Personal information
- Full name: Bradley Schneider
- Born: 15 February 2001 (age 25) Adelaide, South Australia, Australia
- Height: 184 cm (6 ft 0 in)
- Weight: 88 kg (13 st 12 lb)

Playing information
- Position: Halfback, Five-eighth
Club
| Years | Team | Pld | T | G | FG | P |
| 2021–23 | Canberra Raiders | 12 | 1 | 23 | 0 | 50 |
| 2023 | Hull Kingston Rovers | 12 | 3 | 40 | 2 | 94 |
| 2024–25 | Penrith Panthers | 32 | 6 | 1 | 0 | 26 |
| 2026– | Dolphins | 13 | 2 | 0 | 0 | 8 |
|  | Total | 69 | 12 | 64 | 2 | 178 |
- Source: As of 19 July 2026

= Brad Schneider (rugby league) =

Australian rugby league footballer

Brad Schneider (born 15 February 2001) is an Australian professional rugby league footballer who plays as a for the Dolphins in the National Rugby League (NRL). He previously played for the Penrith Panthers (including their successful 2024 NRL Grand Final) and the Canberra Raiders.

==Background==
Schneider is of German heritage.. He was born in Adelaide, South Australia and was raised in Townsville, Queensland, Australia.
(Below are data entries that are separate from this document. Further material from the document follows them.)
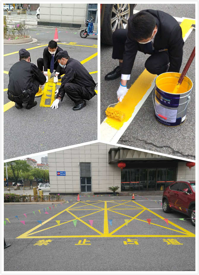 對于在地面畫線這個(gè)事,我們也是第一次操作,大家群策群力,互相配合。別看我們的保安都是男的,干起活來可真是細(xì)致,一絲不茍,先在地上把標(biāo)線貼好,然后再畫,油漆不能沾太多也不能太少,剛開始不熟練,畫的比較慢,后來漸漸找到了竅門,就越畫越快、越畫越好了。畫完又再檢查修補(bǔ)了一遍,讓整體看上去顏色均勻一致。最后又把場地清理干凈,四周圍起來,防止有人或車誤入踩踏,等地面干后就可以投入使用了。甲方對這次工作十分滿意,稱贊我們保安能干。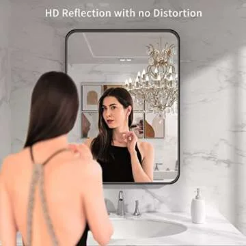 Show more Introducing the LOAAO bathroom vanity mirror, where elegance meets functionality. Crafted with precision, this mirror is designed using high-definition float glass that ensures a crystal-clear reflection without any distortion. The sleek, modern design seamlessly integrates into any décor, making it more than just a reflective surface—it becomes a statement piece in your home.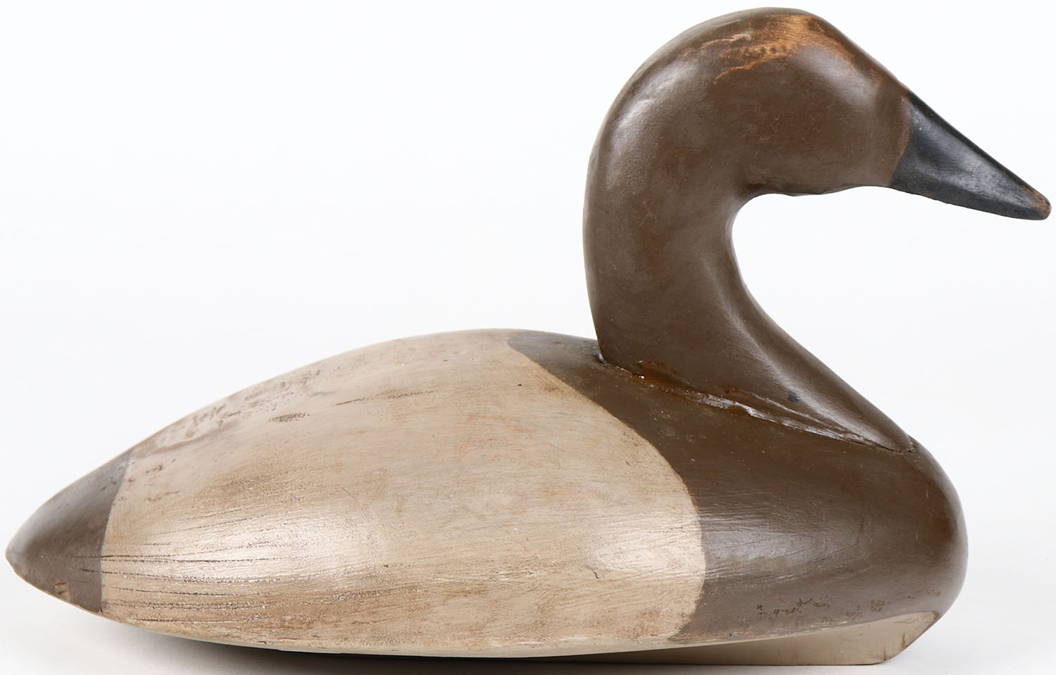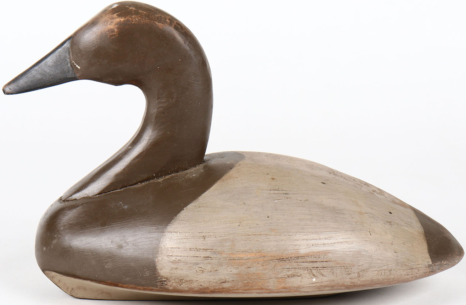 Canvasback Hen by Dennis Finden , no eyes, structurally excellent, solid wood, signed on bottom, original paint. Grade: Excellent ++ - Value: 50 to 100

Schneider played junior rugby league for the Western Lions. He attended Kirwan State High School before being signed by the Canberra Raiders.

==Playing career==
In 2018, Schneider played for the Townsville Blackhawks in the Mal Meninga Cup. In 2019, he captained Kirwan State High School in their NRL Schoolboy Cup final win over Westfields Sports High School.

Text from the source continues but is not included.